Hardware-Software Co-Design Course

AI for HPC Systems

poster image 1

Course Objective

This training program aims to build a practical understanding of how modern AI workloads are developed and executed on high-performance computing (HPC) systems. Participants will gain insight into the hardware, software, and system-level foundations that enable large-scale AI applications, ranging from computer vision and multimodal systems to large language models.

The program is designed to provide both foundational knowledge and hands-on experience in AI on HPC environments. Participants will learn how to train, optimize, deploy, and scale AI workloads while developing practical skills in distributed computing, model serving, inference optimization, and AI compiler technologies that bridge machine learning frameworks and modern hardware platforms.

Learning Outcomes

By the end of this training, participants will understand the architecture and operation of modern supercomputing systems and how AI workloads in vision, language, and multimodal domains are executed efficiently on large-scale computing infrastructure. They will be able to work confidently within HPC Linux environments, manage computational resources using Slurm, and scale AI training from single-GPU systems to multi-GPU and multi-node clusters.

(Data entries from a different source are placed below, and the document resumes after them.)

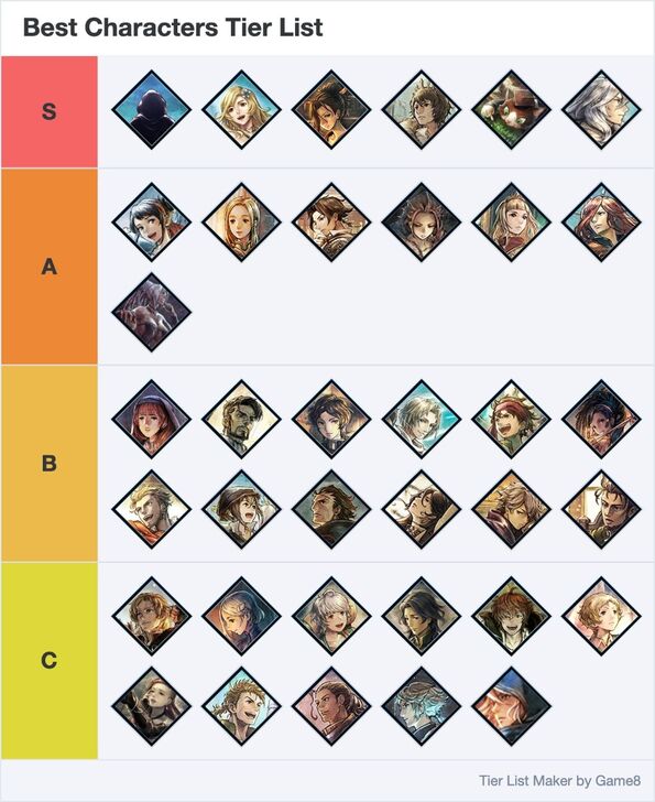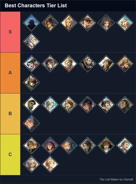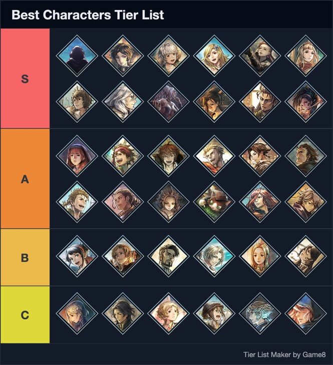 >>>4 By end game (meaning before defeating both the true ending and also the final secret boss), the strength of a potential party member is dependent on the unique utility and "fit" that character brings to a larger team play roles. Carinda and Delitia both bring fairly unique skill sets, passives and ultimates that largely cannot be effectively replicated. Looking at the list, I recognize now too that Phenn, Alfyn, and (maybe) Primrose should also be S-teir and Reime is probably not.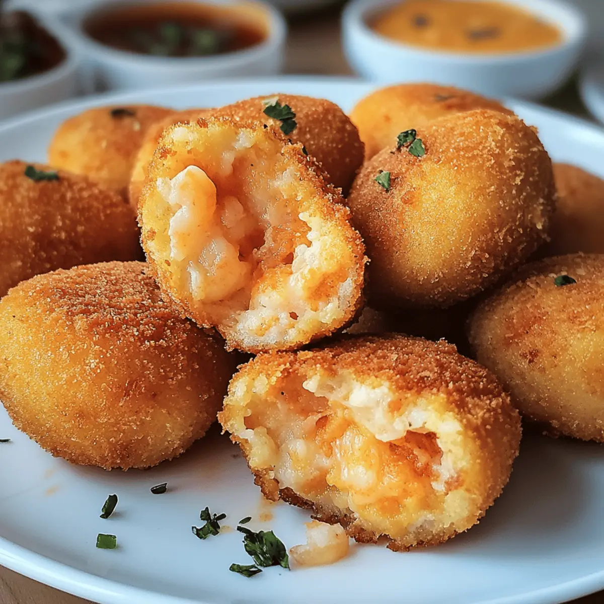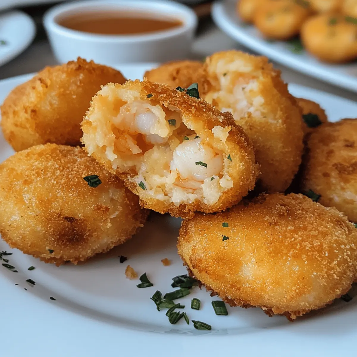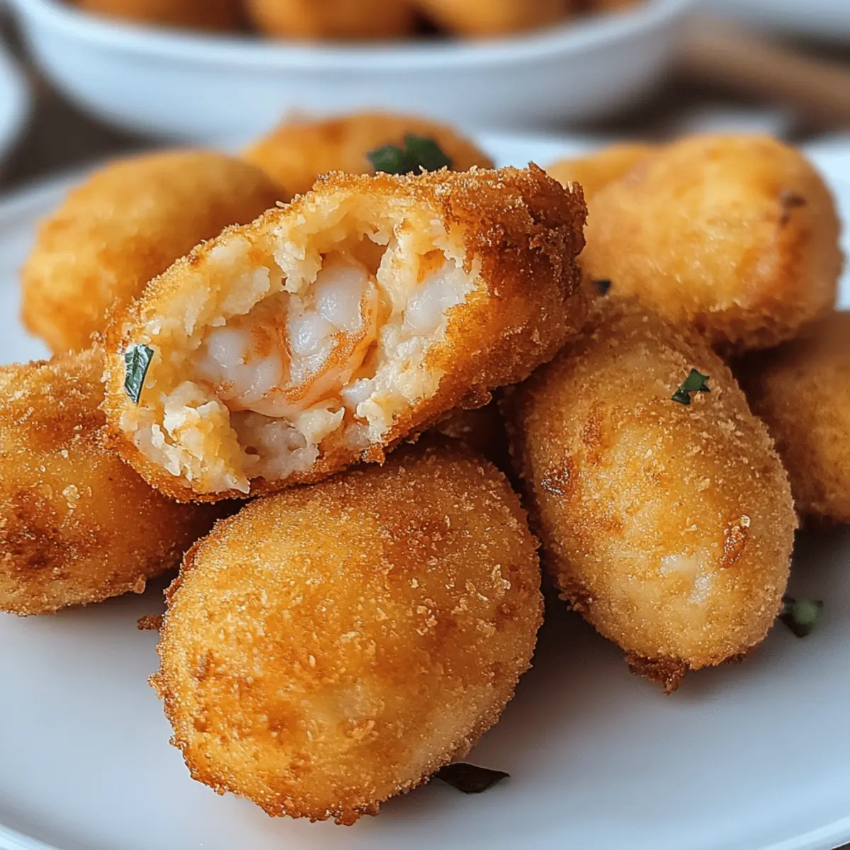 Es gibt Momente im Leben, die uns unverhofft überraschen und die Sinne betören – ich erinnere mich an den ersten Biss in einen knusprigen portugiesischen Shrimp-Croquette. Diese kleinen Leckerbissen vereinen die besten Aromen des Meeres mit einer knusprigen, goldenen Hülle, die beim Reinbeißen ein köstliches Geheimnis preisgibt. Bei der Zubereitung dieser köstlichen Appetithäppchen, die perfekt für gesellige Abende oder entspannte Kochmomente sind, können Sie sich darauf freuen, dass Ihre Lieben begeistert sein werden. Dank der Verwendung von zartem Garnelenfleisch und cremigen Kartoffeln sind diese Croquettes nicht nur einfach zuzubereiten, sondern auch eine genussvolle Bereicherung für jedes Essen. Neugierig, wie Sie mit dieser Grundlage Ihrer Kreativität freien Lauf lassen können? Warum werden Sie dieses Rezept lieben? Einfachheit: Die Zubereitung dieser köstlichen Garnelen-Kroketten erfordert nur grundlegende Kochkenntnisse, sodass Sie sich ganz auf den Geschmack konzentrieren können. Vielseitigkeit: Ob als Fingerfood auf Partys oder als leichtes Hauptgericht, diese Kroketten passen sich jeder Gelegenheit an und erfreuen alle. Herzhafter Geschmack: Die Kombination aus frischen Garnelen und kräftigen Kräutern sorgt für ein Geschmacksabenteuer, das niemanden kalt lässt. Schnell zubereitet: Sie können die Kroketten im Voraus zubereiten und sie bei Bedarf einfach aus dem Gefrierfach holen – ideal für spontane Gäste! Kreative Variationen: Experimentieren Sie mit verschiedenen Füllungen, wie z.B. Herzhafter Minestrone Suppe oder Brownies Rezept Lecker, um immer wieder neue Geschmackserlebnisse zu kreieren. Erleben Sie, wie diese knusprigen Snacks mühelos das Highlight Ihres nächsten Kochabends werden! Zutaten für Garnelen-Kroketten • Entdecken Sie die essenziellen Zutaten für unsere köstlichen portugiesischen Garnelen-Kroketten, die nicht nur einfach zuzubereiten sind, sondern auch Ihre Sinne verzaubern werden. Für die Füllung Garnelen – Die Hauptzutat, die mit ihrem frischen Geschmack die Grundlage für diese köstlichen Kroketten bildet; verwenden Sie frische oder aufgetaute Garnelen. Kartoffelpüree – Sorgt für eine cremige Konsistenz und Stabilität; nutzen Sie gerne Reste zum schnelleren Zubereiten. Kräuter (Petersilie, Koriander) – Bringen Sie frische Noten in die Füllung; frische Kräuter sind am besten, aber getrocknete können in der Not verwendet werden. Knoblauch – Fügt aromatische Tiefe hinzu; verwenden Sie frischen, gehackten Knoblauch oder Knoblauchpulver für schnellen Genuss. Salz & Pfeffer – Der Schlüssel zur perfekten Würze; passen Sie die Mengen nach Ihrem Geschmack an. Für die Panade Breadcrumbs – Kreiert die knusprige Außenschicht; ersetzen Sie sie durch Panko für extra Crunch. Eier – Binden die Mischung zusammen; vegane Alternativen wie Leinsamenmehl können ebenfalls verwendet werden. Mit diesen Zutaten sind Sie bestens gerüstet, um jeden Bissen zu einem unvergesslichen Geschmackserlebnis zu machen – ideal für gesellige Abende oder als kleiner Snack für zwischendurch! Schritt-für-Schritt-Anleitung für Köstliche Portugiesische Garnelen-Kroketten Step 1: Zutaten vorbereiten Zuerst die Garnelen, Kräuter und den Knoblauch fein hacken. Verwenden Sie frische Garnelen oder aufgetaute, um den besten Geschmack zu erzielen. Achten Sie darauf, die Zutaten gleichmäßig vorzubereiten, um eine gleichmäßige Kochzeit zu gewährleisten. Dies sollte etwa 10 Minuten in Anspruch nehmen und die Vorfreude auf die Garnelen-Kroketten erhöhen. Step 2: Füllung mischen In einer großen Schüssel die vorbereiteten Garnelen, das Kartoffelpüree, die gehackten Kräuter, den Knoblauch, Salz und Pfeffer gut vermengen. Achten Sie darauf, dass alle Zutaten gut miteinander verbunden sind, um eine glatte und cremige Füllung zu erhalten. Dies dauert nur 5 Minuten und ist der Schlüssel zum herzhaften Geschmack der Garnelen-Kroketten. Step 3: Kroketten formen Nehmen Sie eine Portion der Füllung und formen Sie daraus kleine Bällchen oder flache Patties. Diese sollten etwa einen Durchmesser von 5 cm haben, um eine gleichmäßige Garzeit zu gewährleisten. Legen Sie die geformten Kroketten auf ein mit Backpapier ausgelegtes Blech, während Sie die restliche Füllung verarbeiten. Dieser Schritt kann 10-15 Minuten in Anspruch nehmen, je nach Anzahl der Kroketten. Step 4: Kroketten panieren Verquirlen Sie in einer Schüssel die Eier und bereiten Sie eine zweite Schüssel mit Breadcrumbs vor. Tauchen Sie jede Krokettenform zuerst in die Eier und wenden Sie sie anschließend in den Breadcrumbs, sodass sie vollständig bedeckt sind. Stellen Sie sicher, dass die Panade schön gleichmäßig wird, was zusätzliche Knusprigkeit helfen wird. Dieser Vorgang sollte zirka 10 Minuten dauern. Step 5: Frittieren oder Backen Erhitzen Sie in einer Pfanne genügend Öl, bis es heiß ist (ca. 180°C), oder heizen Sie den Backofen auf 200°C vor. Braten Sie die Kroketten in der Pfanne goldbraun an (ca. 3-4 Minuten pro Seite) oder backen Sie sie für 15-20 Minuten im Ofen, bis sie knusprig und goldbraun sind. Achten Sie darauf, die Kroketten nicht zu überladen, damit sie gleichmäßig garen. Step 6: Servieren Die köstlichen portugiesischen Garnelen-Kroketten warm servieren, idealerweise mit einer Dipsauce Ihrer Wahl oder auf einem frischen Salat. Lassen Sie sie einige Minuten abkühlen, bevor Sie die ersten Bisse genießen – die perfekte Kombination aus knuspriger Außenhülle und cremiger Füllung wird Ihre Gäste begeistern! Expertentipps für Garnelen-Kroketten Öltemperatur prüfen: Stellen Sie sicher, dass das Öl heiß genug ist, um die Knusprigkeit der Garnelen-Kroketten zu erreichen – etwa 180°C ist ideal. Panade gut andrücken: Drücken Sie die Breadcrumbs fest an die Kroketten, um sicherzustellen, dass sie beim Frittieren nicht abfallen. Würze anpassen: Experimentieren Sie mit zusätzlichen Gewürzen in der Füllung, um den Geschmack der 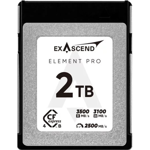 Exascend CFexpress 4.0 Type B Element Pro Series 2TB dizajniran je za vrhunsku kinematografsku produkciju, nudeći neusporedivu izvedbu i izdržljivost. S impresivnim kapacitetom pohrane od 2 TB, pruža dovoljno prostora za produžene sesije snimanja u 8K i 12K rezolucijama. Njegovo PCIe 4.0 / NVMe 1.4 sučelje osigurava munjevito velike brzine, s maksimalnim brzinama čitanja od 3500 MB/s i brzinama pisanja od 3100 MB/s, što omogućuje brz prijenos podataka i neprekinuto snimanje do 120 fps.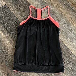 Stylish black tank top with pink accents. Features a racerback design.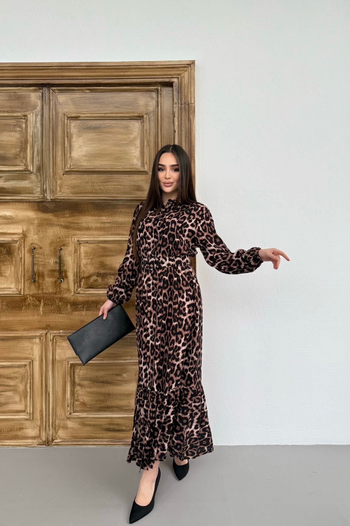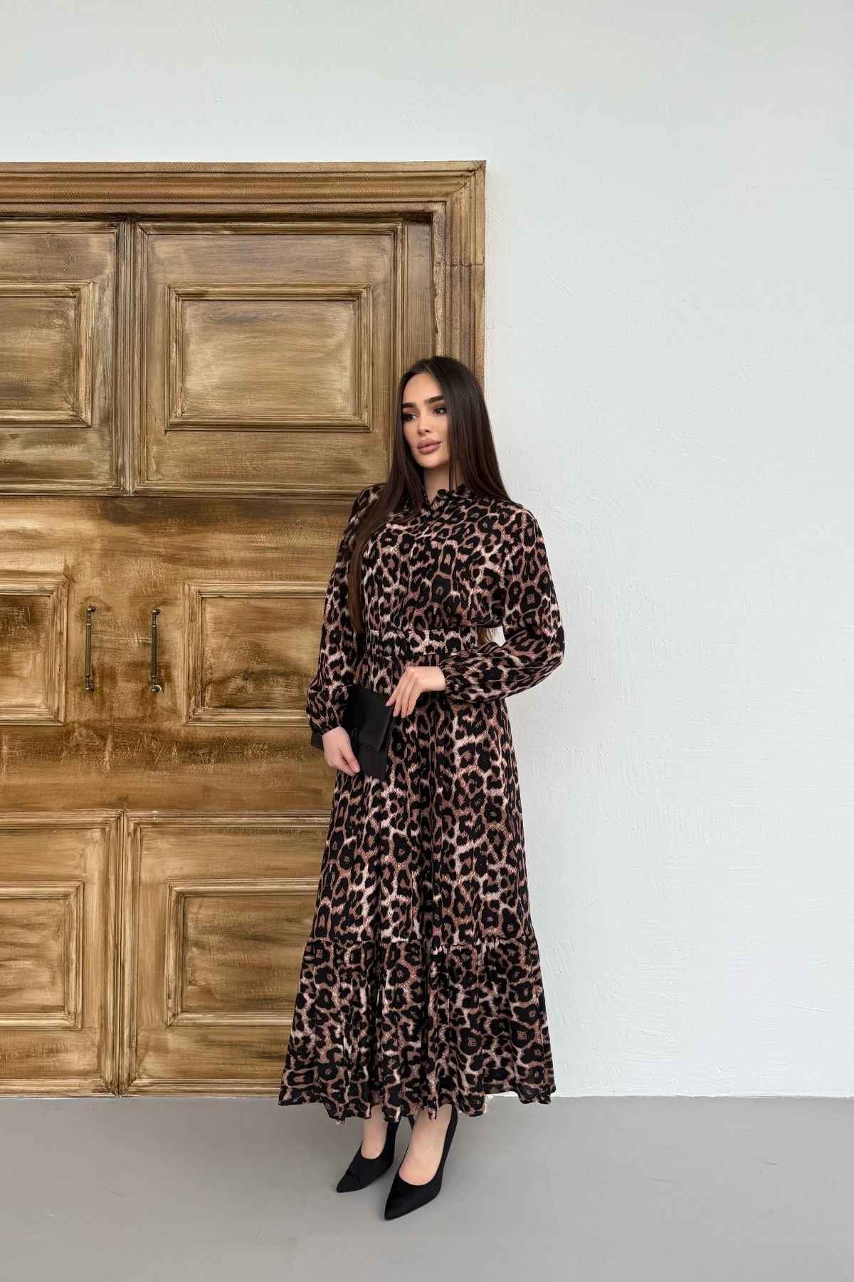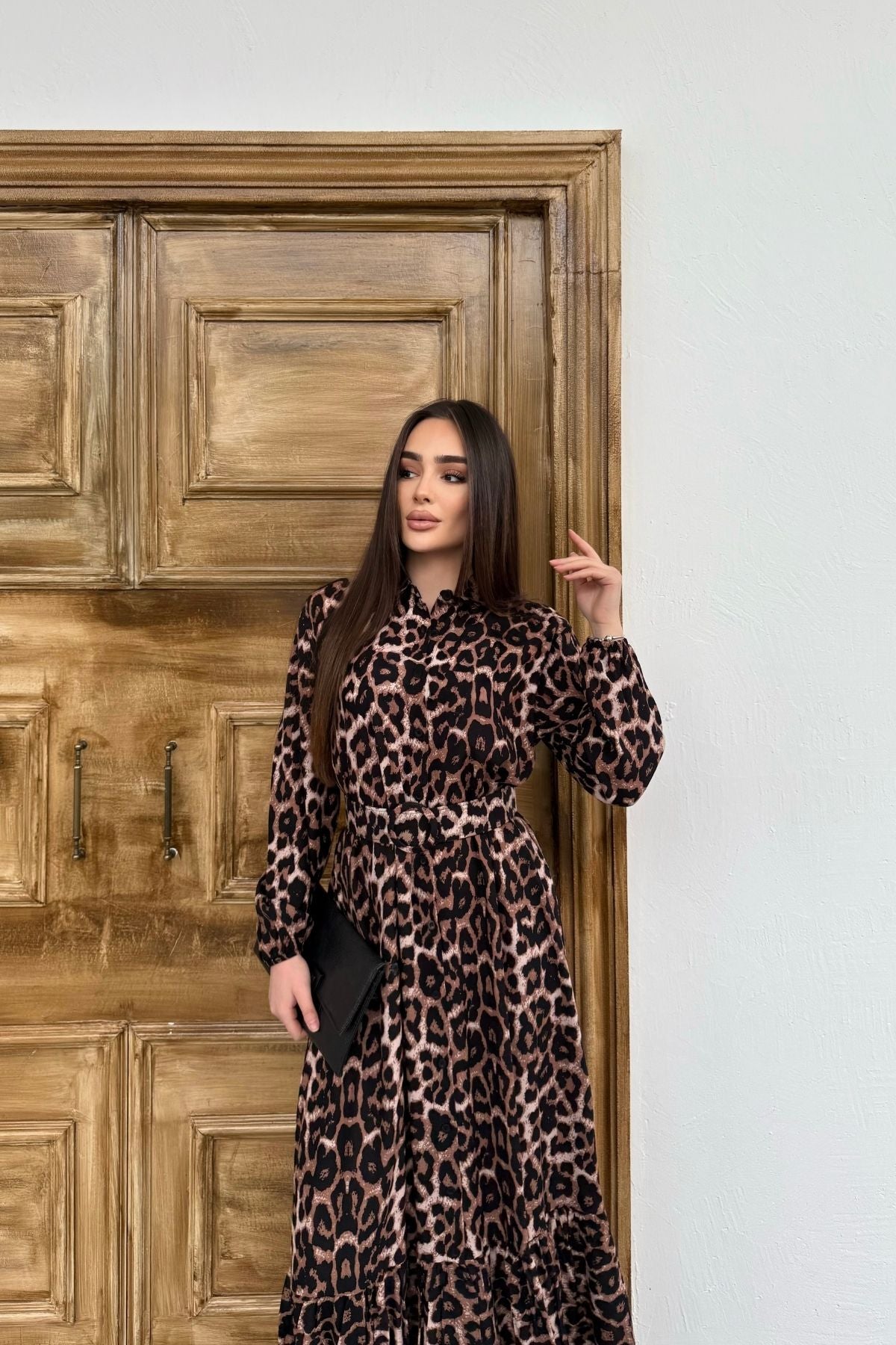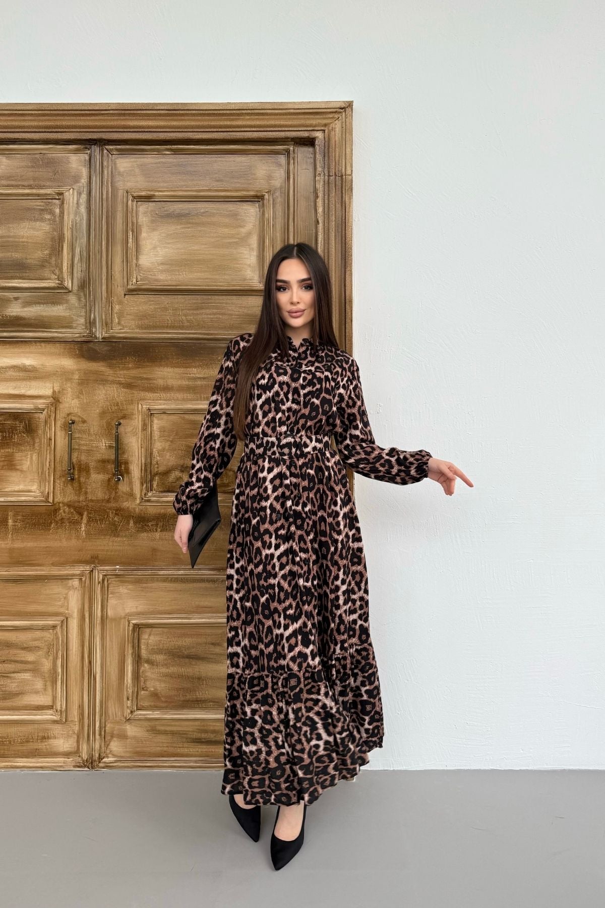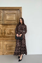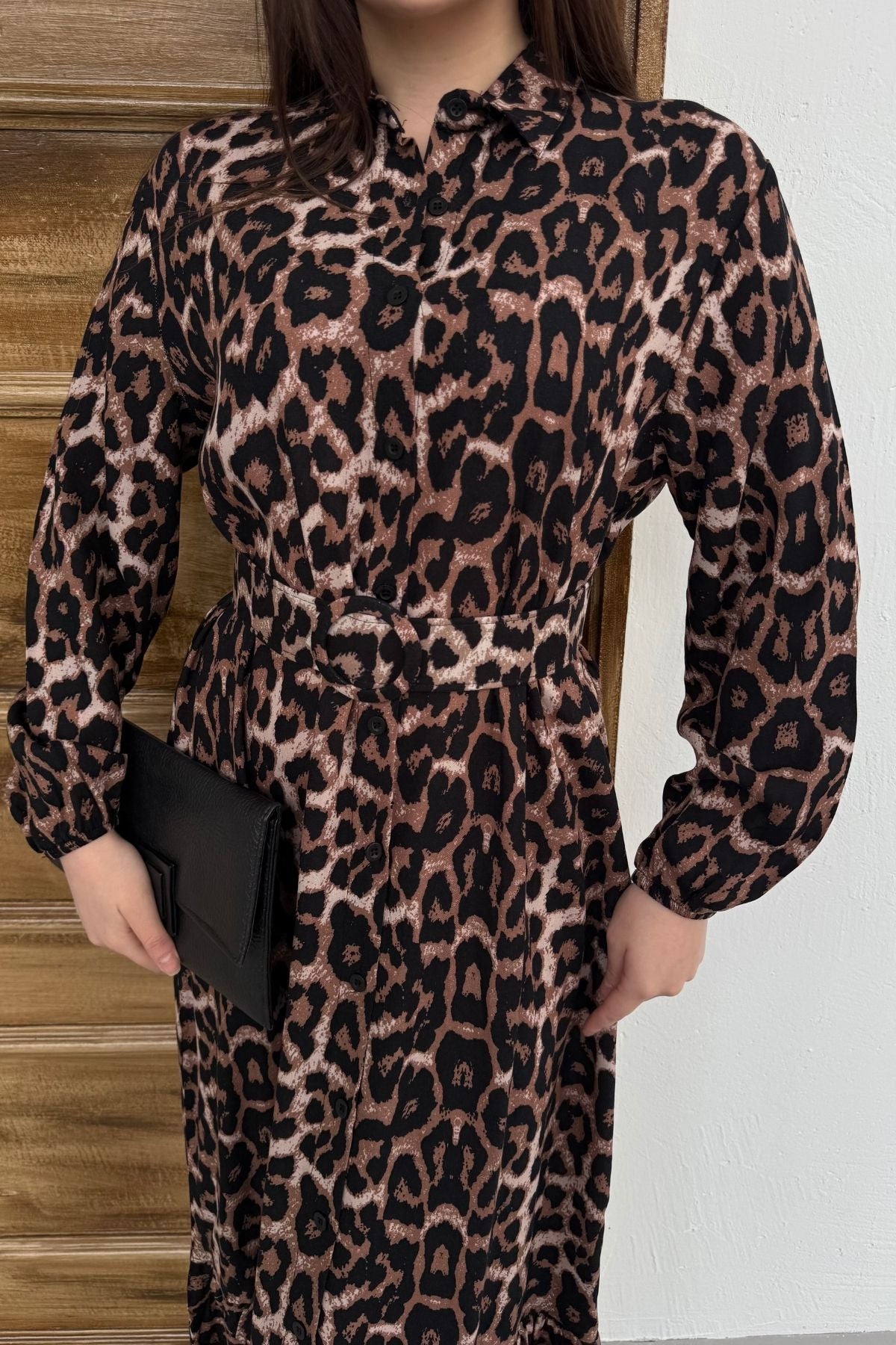 Leopar Desenli Viskon Uzun Kollu Kemerli Elbise

Participants will gain practical experience in building LLM-based applications, including retrieval-augmented generation (RAG) pipelines and agentic AI workflows. They will learn techniques for optimizing inference performance through quantization, batching, and model compression while also developing an introductory understanding of AI compiler technologies such as MLIR and LLVM, enabling them to appreciate how modern AI models are mapped and optimized for hardware execution.

Training Modules

Module 1: Introduction to Supercomputing Systems

1.1 Overview of High-Performance Computing and its Role in AI

1.2 Cluster Components: Nodes, CPUs, GPUs, Memory, Storage, and Interconnects

1.3 Working in an HPC Linux Environment

1.4 Submitting and Managing Jobs with Slurm

Module 2: AI Vision Systems for HPC Workloads

2.1 Foundations of Deep Learning for Computer Vision

2.2 Detection, Segmentation, and Classification Models

2.3 Data Pipelines and Preprocessing for Large Datasets

2.4 Training and Evaluating Vision Models on HPC Platforms

Module 3: Large Language Models and Multimodal AI

3.1 Transformer Architectures and Foundations of LLMs

3.2 Multimodal Models Combining Vision and Language

3.3 Fine-Tuning and Parameter-Efficient Methods (LoRA)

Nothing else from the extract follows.